Supplied information
==*==

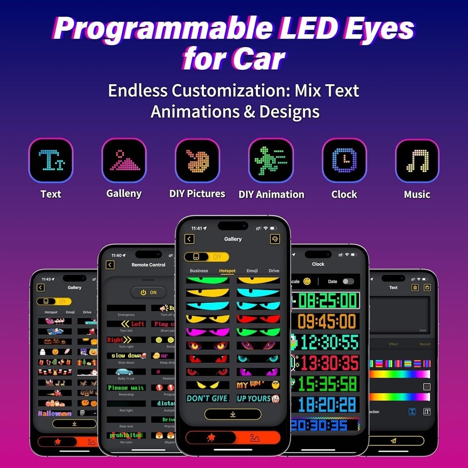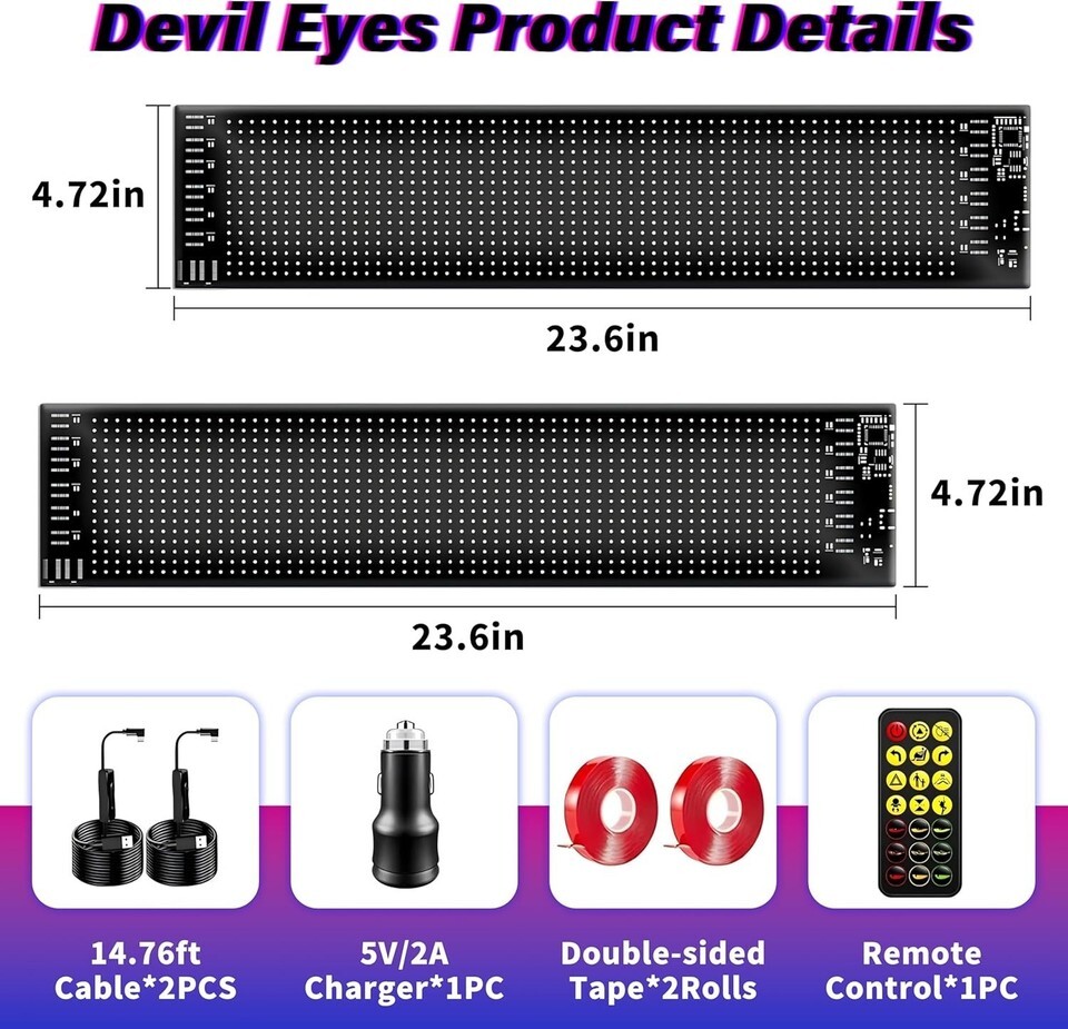 Add bold style and dynamic lighting to your vehicle with this 2PCS LED Devil Eyes Flexible Windshield Light Kit. Each ultra-thin LED panel measures 23.6 x 4.72 inches and features programmable animations, emojis, and text that you can fully customize using the mobile app or included remote control.
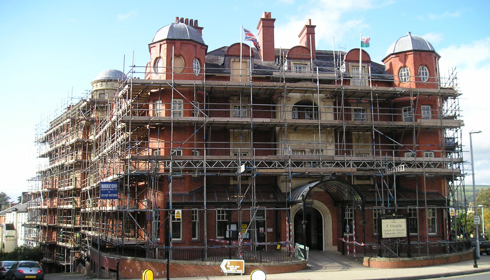 Fully boarded and guard railed access scaffolding to the external perimeter, at Powys County Councils Gwalia Building while undergoing major external refurbishment to for Carter Construction.
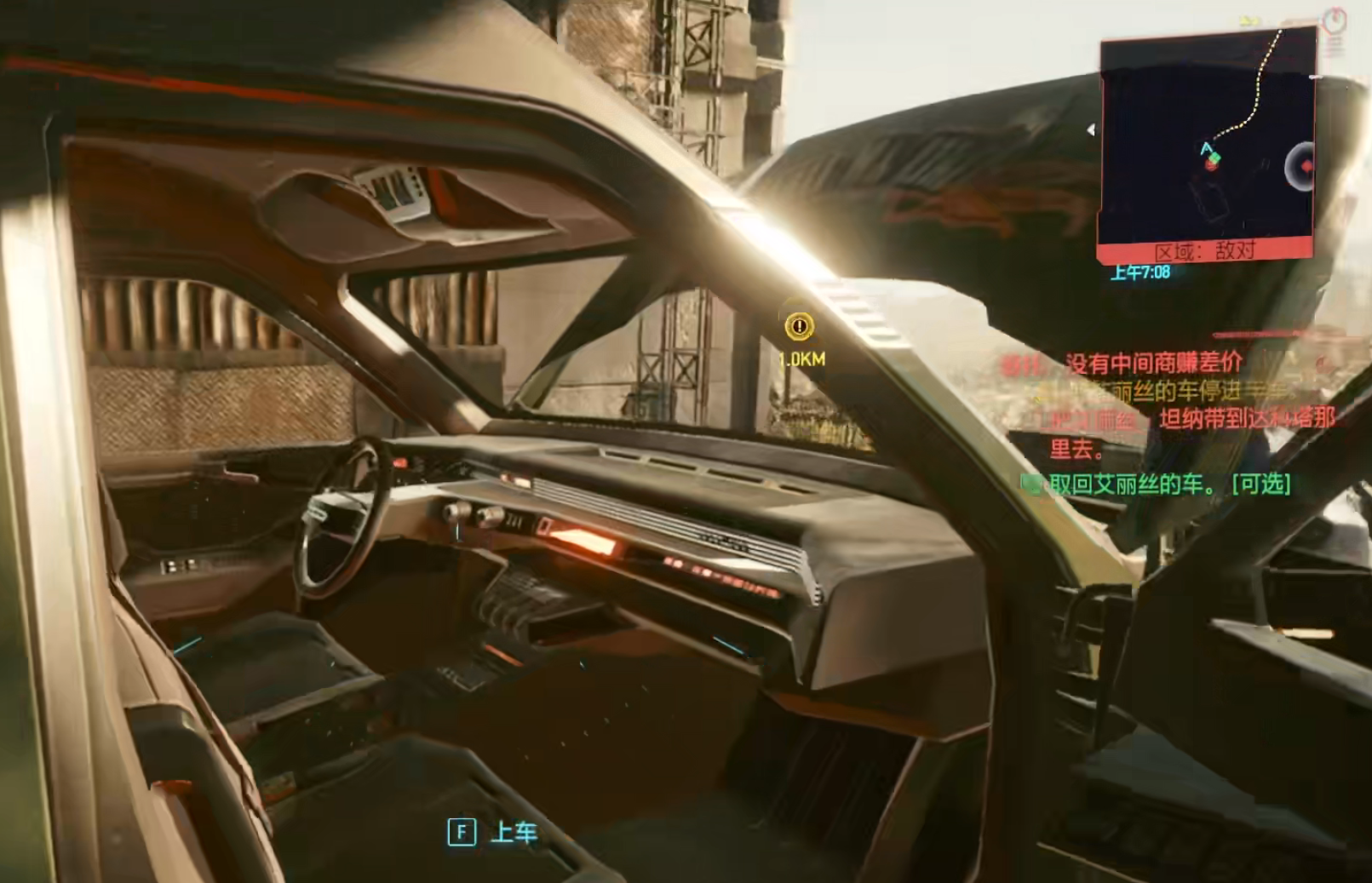首頁 賽博朋克2077 問答 賽博朋克2077艾麗絲的車在哪? 2022-12-20 1.玩家在沒有中間商賺差價任務中,可以根據任務提示找到艾麗絲的車,其具體位置如下圖所示。2.來到車前按F上車即可完成任務。
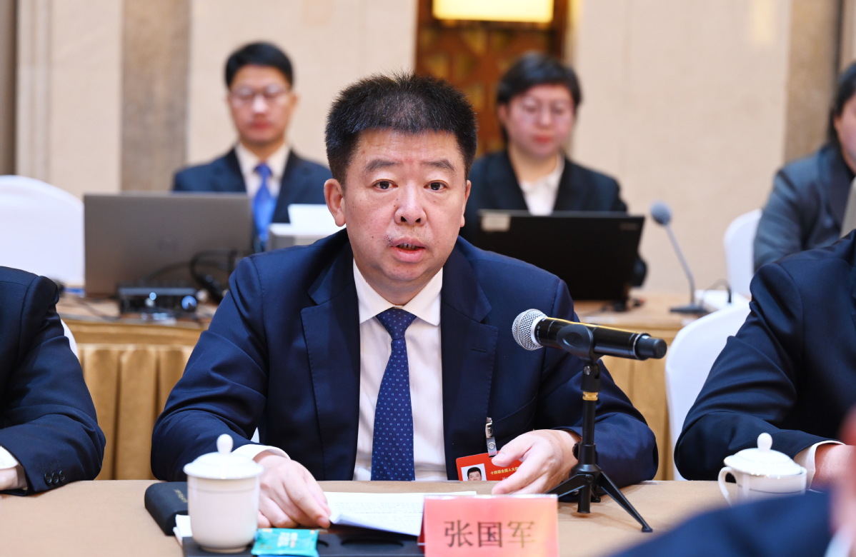 Zhang Guojun, партиен секретар на град Mudanjiang в провинция Heilongjiang и депутат в 14-ия Национален народен конгрес, говори на групово обсъждане в събота. [Photo provided to chinadaily.com.cn]

==*==

Instructions to follow
In the data above, find the line containing "Fully boarded and", then output it and every later line exactly, without the pictures.

Answer for the task
 Fully boarded and guard railed access scaffolding to the external perimeter, at Powys County Councils Gwalia Building while undergoing major external refurbishment to for Carter Construction.
首頁 賽博朋克2077 問答 賽博朋克2077艾麗絲的車在哪? 2022-12-20 1.玩家在沒有中間商賺差價任務中,可以根據任務提示找到艾麗絲的車,其具體位置如下圖所示。2.來到車前按F上車即可完成任務。
 Zhang Guojun, партиен секретар на град Mudanjiang в провинция Heilongjiang и депутат в 14-ия Национален народен конгрес, говори на групово обсъждане в събота. [Photo provided to chinadaily.com.cn]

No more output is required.